I had seen the film many times before, always fascinated by its psychological grip, and by the canny way that Hitchcock used colour to compose his scenes, and of course by Herrmann’s supporting music. Indeed, without Herrmann’s music the film would be deprived of most of its power to enchant and enthrall.

And as I watched, I mused too upon Chris Marker’s fabulous documentary excursion on the nature of memory and colonialism (and much else) in his own masterwork , Sans Soleil. Marker had seen Vertigo nineteen times and drew attention to the spiral of time in the coils of the hair of the dead Carlotta Valdes and the living Madeleine, to the eye of Madeleine and the eye of a painted horse at the Spanish mission, where time, memory and love would meet in a fateful tragic dance.

As the wonderful New Zealand Symphony played and the rich live sounds reverberated in the hall, I thought too about the deep links between what we deem to be political and apolitical. Vertigo is, if anything, devoid of any hint of politics in the generally accepted sense. Yet in its exploration of the intensely personal, in the domain of what men and women label love, the very seeds of the political structure at large, and all its many faults, may be seen, heard and felt.

Whom, why and what do we love? Did Scottie fall for Madeleine, or the person who impersonated her, Elster’s lover Judy Barton? Why would an eminently respectable and law-abiding member of San Francisco’s finest purposefully violate his legal responsibility, not to mention the responsibility due to a friend, by engaging with the person he knew to be his friend’s wife? And why would Judy, once she had recognised the signs of passion within herself for Scottie—why would she feel obliged to keep her pact with Elster at the very moment of this recognition?

These and many other questions rise and collide and roil about with every viewing, touching as they do upon the deepest psychological depths—those depths from which the overarching structure of the State has evolved.

All great works of art cannot but be political, even if they seem the opposite. It remains for us, as we consider them, to make the connecting links. So when we gaze at our political leaders, whoever they may be, what illusions do we weave, what repetitions do we seek, and how, when we think we strive for salvation, do we find ourselves in the dark?
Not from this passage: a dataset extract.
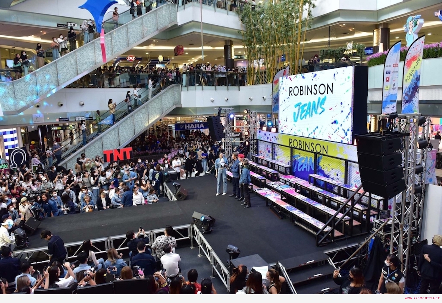 สำหรับที่สุดของความพิเศษในบิ๊กแฟร์ยีนส์แห่งปี “ROBINSON JEANS 2022” ประเดิมด้วยการคิกออฟสุดอลังแบบห้างแตก! กับแฟชั่นรันเวย์ในคอนเซ็ปต์สุดคูล “ART OF JEANS ON RUNWAY” นำเสนอเทรนด์ยีนส์คอลเลกชันต่างๆ ที่เปรียบเสมือนงานศิลปะที่สวยงามและมีเอกลักษณ์ นำโดย 3 หนุ่มสุดฮอตวง TRINITY “เติร์ด – ปอร์เช่ – แจ๊คกี้” และทัพดารายีนส์ไอคอนนิกจากแบรนด์ยีนส์ชั้นนำมากมาย ไม่ว่าจะเป็น โอม ภวัต (NIYOM JEANS), มุก วรนิษฐ์ (BEARBEARY), มีน พีรวิชญ์ (MC JEANS),โอห์ม ฐิติวัฒน์, (GASOLINE), เก้า นพเก้า (JACK RUSSEL), โอบ โอบนิธิ (LEE COOPER), น้ำตาล ทิพนารี (WARA), จิมมี่ จิตรพล (BUCKOFF), เปรม วรุศ (BOVY), ทอมมี่ สิทธิโชค (LEVI’S), ปีเตอร์แพน ทัศพล (ROUTEBLUE), ยุ่น ภูษณุ (ROSANIYOM),ก้าวหน้า กิตติภัทร(DAVIE JONES), โน่ ภูหลวง (SIMPLE & RAW), ดิว นิติกร (WRANGLER), กัน กฤติกร (HARA), มีน ณัฐกฤต(LEE) พร้อมฟินไปกับมินิคอนเสิร์ตจาก 3 หนุ่ม TRINITY ที่เรียกเสียงกรี๊ดจากบรรดาเอฟซีและนักช้อปยีนส์เลิฟเวอร์แบบสนั่นห้างฯ จนขึ้นแท่นเป็นแฟชั่นรันเวย์ยีนส์แห่งปีเป็นที่เรียบร้อย

Dr. Garcia is an American-born poet, novelist and physician who resides in New Zealand.

2 Responses to The vertiginous politics of ‘apolitical’ art

  1. What a fine analysis! I especially like the concluding paragraph, beginning:
    “All great works of art cannot but be political, even if they seem the opposite.” One can’t help but think of Aristotle, who declared “Man is a political animal.” [In modern parlance: humans are political animals.]

    We engage in power struggles, intrigues, and, as we observe others and ourselves, we endeavor “to make the connecting links.” Dr. Garcia wisely reminds us to be careful “when we gaze at our political leaders, whoever they may be…” to consider the illusions that we ourselves “weave… in the dark.”

  2. Art done on purpose for a reason dwells in one universe. Art created for no purpose other than it being born resides in another stellar universe.

    The artist creates, and the viewer completes the work.